## Supplied data
- Opening Delimiter -
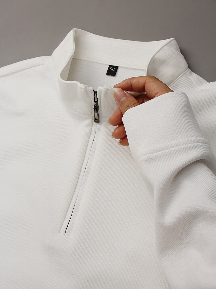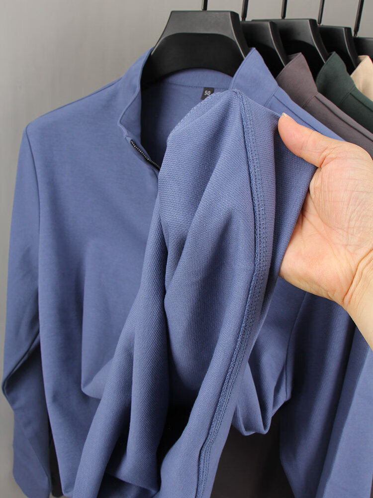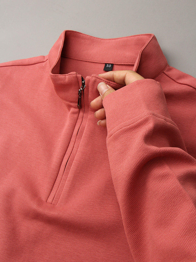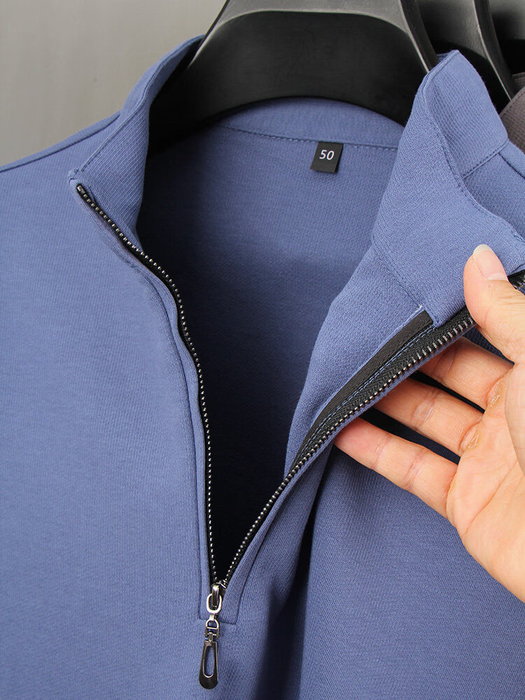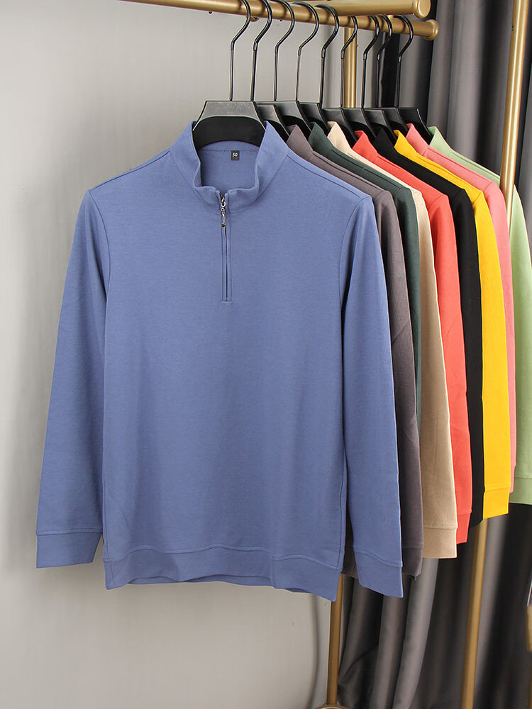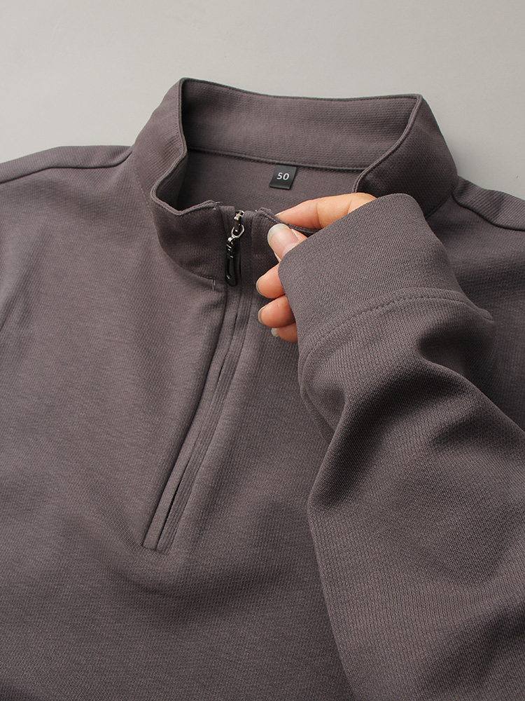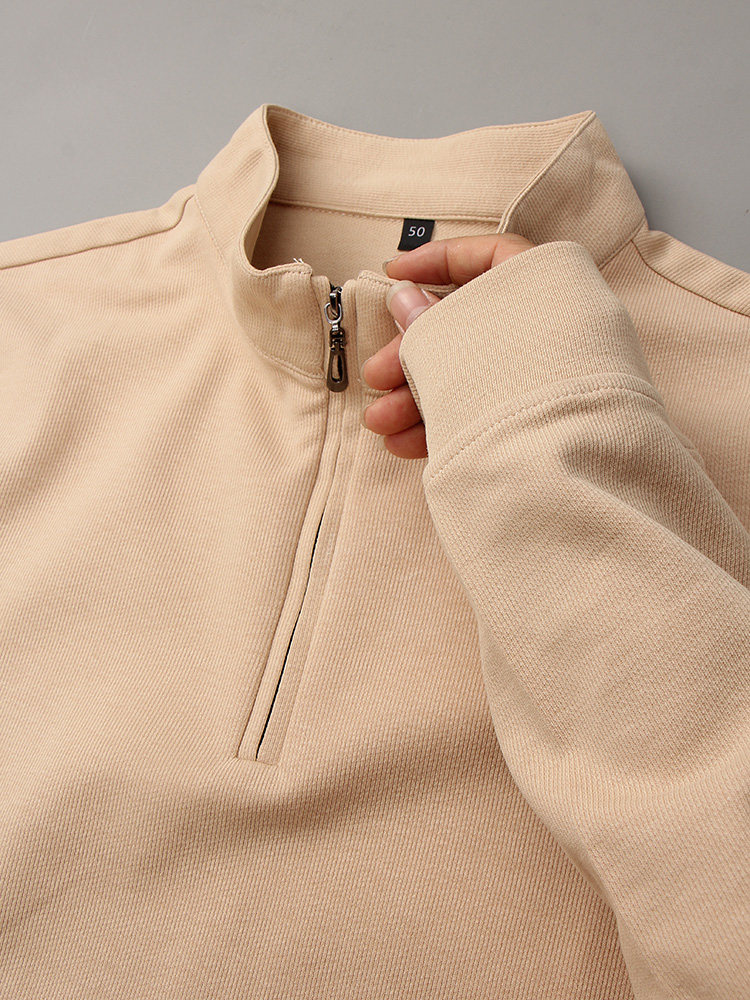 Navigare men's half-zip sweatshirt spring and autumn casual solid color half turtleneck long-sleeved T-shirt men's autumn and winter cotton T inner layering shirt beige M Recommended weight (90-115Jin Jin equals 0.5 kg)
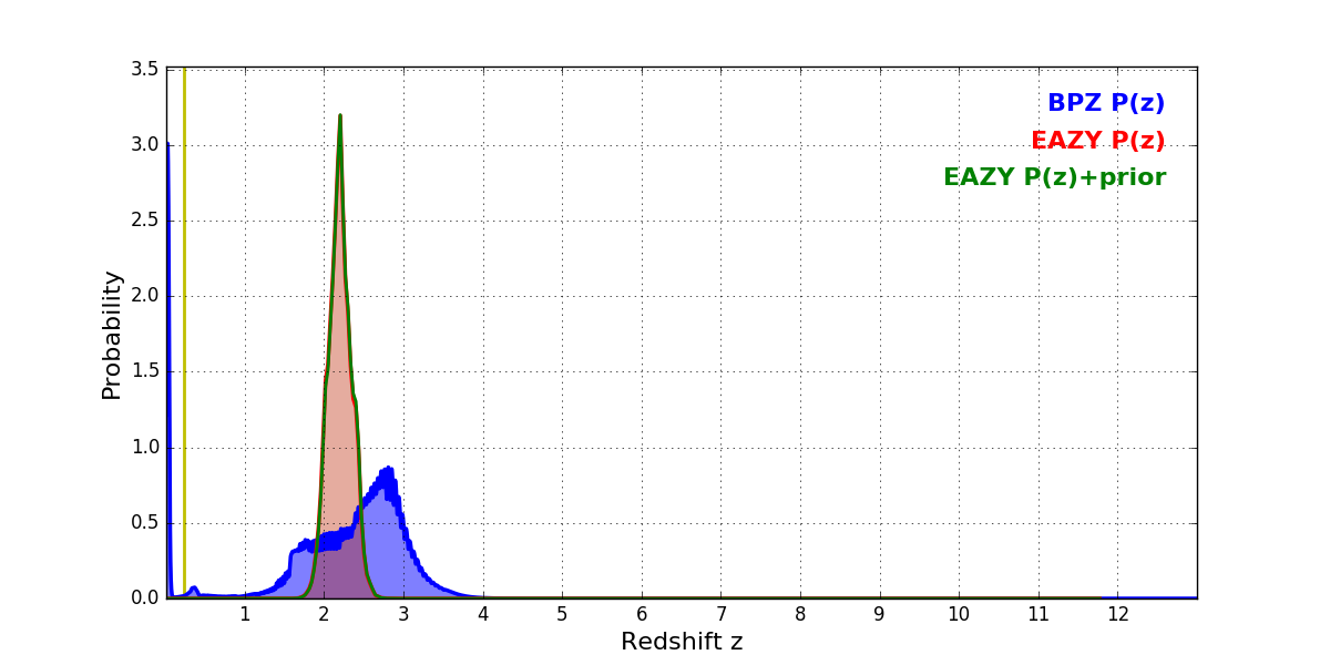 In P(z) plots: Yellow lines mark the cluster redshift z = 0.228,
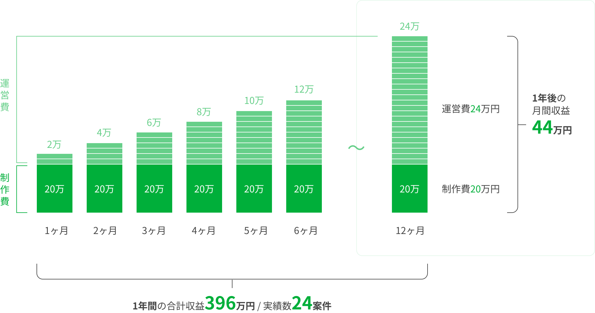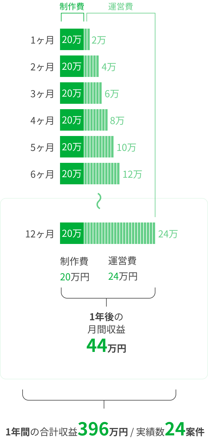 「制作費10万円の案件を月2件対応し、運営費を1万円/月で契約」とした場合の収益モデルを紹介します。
- Closing Delimiter -
## Aim of the task
Would you transcribe all of the data exactly, apart from its pictures?

## Written answer
 Navigare men's half-zip sweatshirt spring and autumn casual solid color half turtleneck long-sleeved T-shirt men's autumn and winter cotton T inner layering shirt beige M Recommended weight (90-115Jin Jin equals 0.5 kg)
 In P(z) plots: Yellow lines mark the cluster redshift z = 0.228,
 「制作費10万円の案件を月2件対応し、運営費を1万円/月で契約」とした場合の収益モデルを紹介します。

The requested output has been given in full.